Her research will investigate further into the geometries of natural hierarchical structures that are efficient load-bearing mechanisms, and develop laboratory and field-scale models based on them. She then hopes to use 3D printing technology to incorporate these structures into soil samples, improving its strength through an optimized arrangement of layers.

For construction projects that build on or with soil, samples of the soil would be gathered and then enhanced through 3D printing. Instead of relying on inferior soil or adding the extra materials like cement that are often expensive and difficult to get hold of, using 3D printed soil layers would be much more efficient and cost-effective. 3D printed soil layers could also be customized for location-specific demands, such as shallow foundations, aggregate columns, lightweight backfills, flood-relief wells and levee or dam filters.

(source: WASP)

This 3D printed soil research could prove particularly useful for construction projects in underdeveloped areas where resources are limited, and for building in extreme conditions.
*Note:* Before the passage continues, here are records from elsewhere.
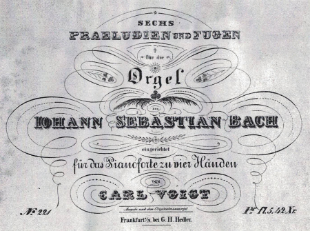 Werke — Sing-Uebungen, Hamburg: Meissner 1862 – 2. Aufl. 1863; D-B – 6. Aufl. 1889; D-Hu (digital) <> Choräle für zwei Soprane und Alt, zum Gebrauche für Schulen, Hamburg: Meissner 1872 – 4. Aufl. 1876; 7. Aufl. 1890; D-Hu (digital) <> Bearbeitung: Johann Sebastian Bach, Sechs Praeludien und Fugen für die Orgel (Kl. 4ms), Frankfurt: Hedler [1833]; CH-Bm, CH-Zz, D-B, D-Kbeer (s. Abb.) – Rezension: Didaskalia 24. Mai 1833 (Franz Xaver Schnyder von Wartensee)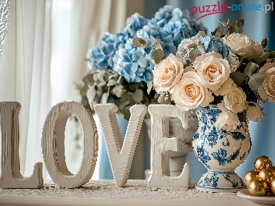 Bombki, Kompozycja, Wazon, Kwiaty, Róże, Love, Miłość, Napis
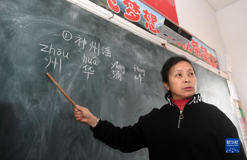 廣西金秀瑤族自治縣忠良鄉山界教學(xué)點(diǎn)的教師陶鳳英給學(xué)生上課(3月15日攝)。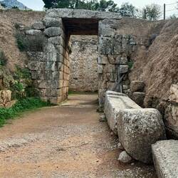 Für uns geht es nach dem Einkauf aber weiter in das antike Mykene. Diese Stadt war seit der Bronzezeit bis etwa 1200 Jahre vor Christus eine der bedeutendsten Städte Griechenlands. Zahlreiche Mythen ranken sich um die antike Stadt mit ihrem weltberühmten Löwentor. Das Löwenpaar über dem Eingang zur inneren Burg zählt zu den frühesten Beispielen europäischer Monumentalplastik. Gleich hinter dem Tor entdeckte Heinrich Schliemann 1876 einen gepflasterten Kreis mit Königsgräbern, aus dem er die Maske des Agamemnon barg.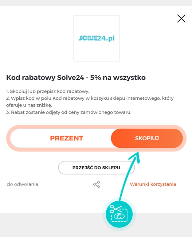 Skopiuj lub zapisz kod rabatowy i kliknij przycisk "Przejdź do sklepu". Nastąpi przekierowanie bezpieśrednio do sklepu internetowego Solve24.pl.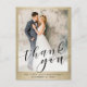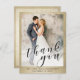 Merci à vos invités mariages dans le style avec cette photo personnalisée élégante merci carte postale. Ce modèle de design typographique présente votre photo sur le devant bordé d'un faux or avec les mots "Merci" et vos noms avec date mariage à personnaliser. Le dos de la carte postale a un message personnalisé et une signature sur un faux arrière - plan or. Conçu par l'artiste Susan Coffey.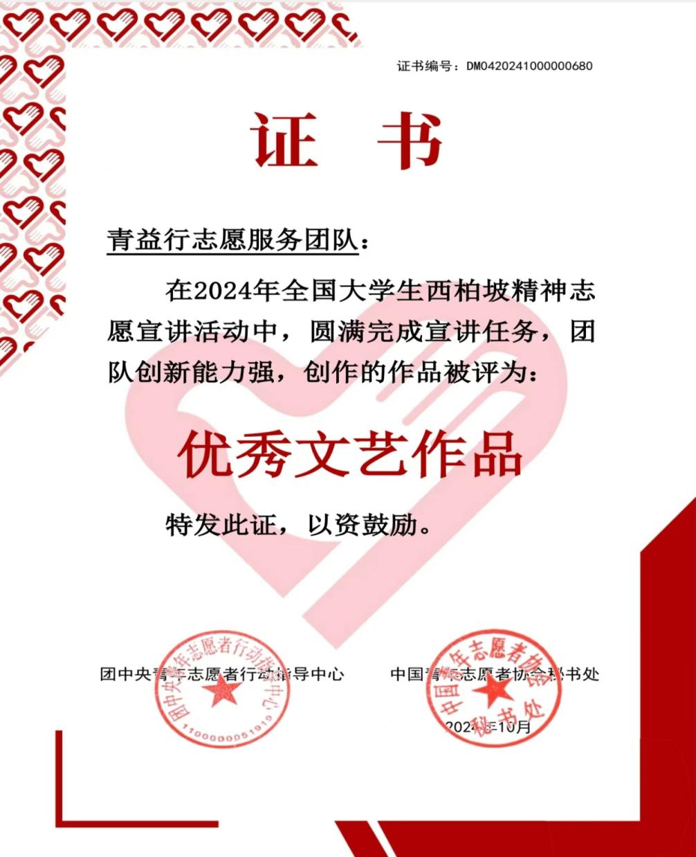 10 月 12 日,星空“青益行”志愿服务团队创作的作品被团中央青年志愿者行动指导中心评为“优秀文艺作品”,这一荣誉是对“青益行”志愿服务团队不懈努力的高度认可。
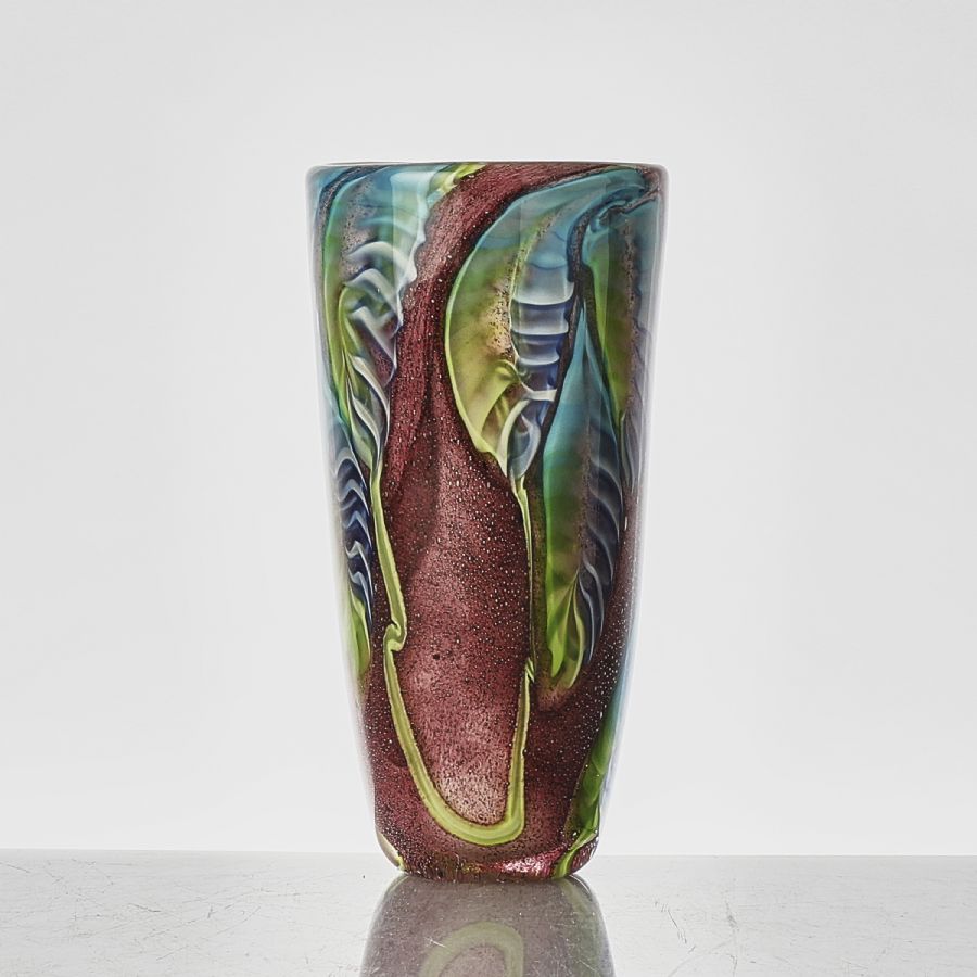 Konstglas. Höjd: 29 cm, diameter: 15 cm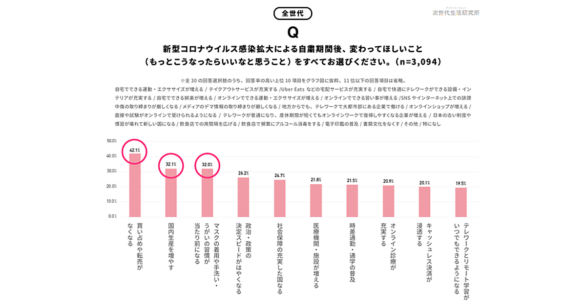 最後に「自粛期間終了後、変わってほしいこと(もっとこうなったらいいなと思うこと)」を聞くと、「買い占めや転売がなくなる」42.1%、「国内生産を増やす」32.1%、「マスクの着用や手洗い・うがいの定着」32.0%と、日常の衛生習慣に関することに答えが集中した。ただし、「政治・政策の決定スピードが速くなる」「社会保障が充実した国になる」「オンライン診療が充実する」「キャッシュレス決済が普及する」「テレワークとリモート学習がいつでもできるようになる」といった声も2割前後あり、ニーズは高い。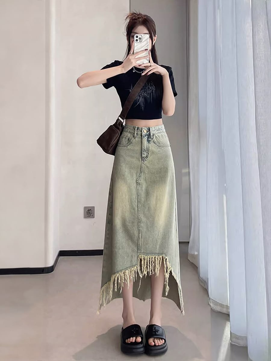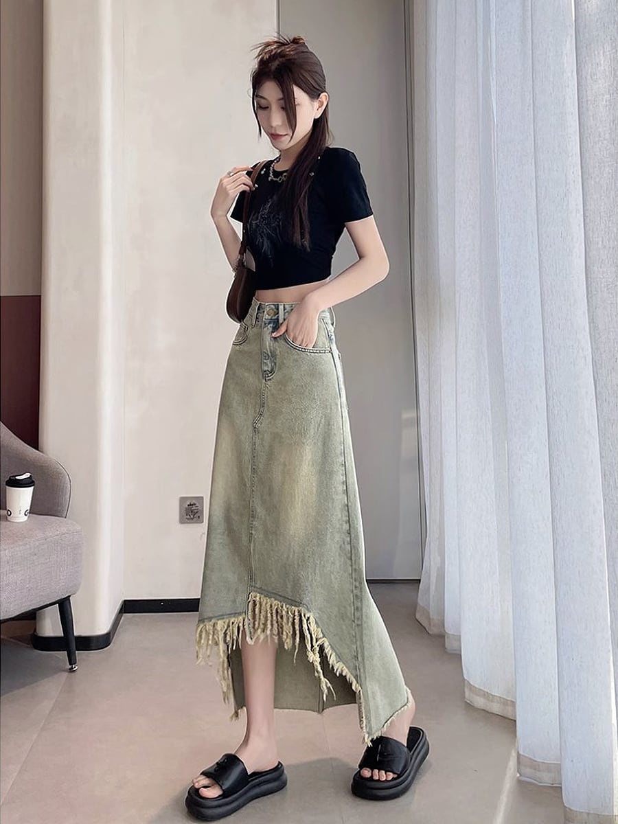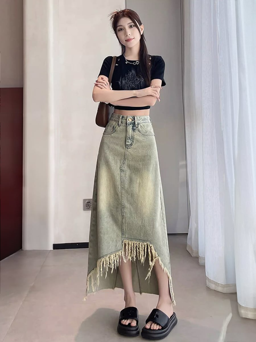 長さ2種類 デニムフロントタッセルロングスカート アシンメトリー タッセル フリンジ 膝下 ダメージデニム デニム ハイウエスト ミドル丈 フロントショート 不規則 レトロ ダメージ加工 かわいい 大人可愛い きれいめ シンプル カジュアル 大人 上品 おしゃれ お洒落 かっこいい 大人可愛い こなれ感 ラフ ラブリー キュート ガーリー 個性的 レディース 通勤 学生 通学 デート お出かけ リゾート 旅行 韓国コーデ 韓国ファション ブルー 青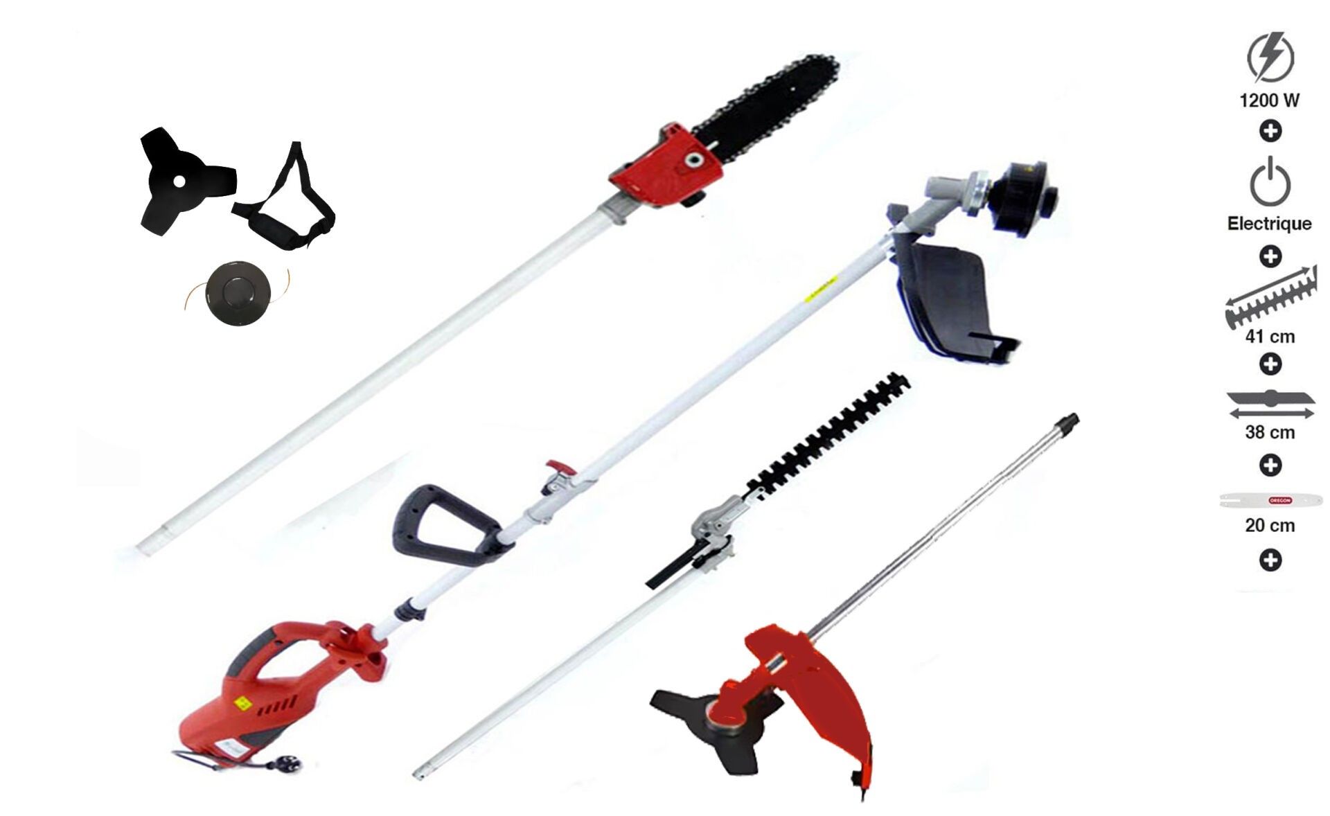 4-in-1 electric brushcutter - 7000 rpm, with 3-tooth blade, semi-automatic edger, adjustable hedge trimmer, chainsaw with guide bar, harness, adjustable handle, 2-level safety device and assembly keys - new, VAT reclaimable.

Optimizing soil arrangements through 3D printing technology would be a good way to improve construction in areas that have been affected by wars or natural disasters. Further in the future, this 3D printed soil could also be used in the construction of roads, buildings and other infrastructure in remote areas like Antarctica or even the moon and Mars, where it would be difficult to deliver conventional construction materials and equipment.

We’ve reported before on the potential for 3D printing technology in the construction industry, with various 3D printed concrete structures already being completed all over the world, and this expansion of the range of possible 3D printable building materials points the way forward for an eventual revolution in the way construction projects are carried out.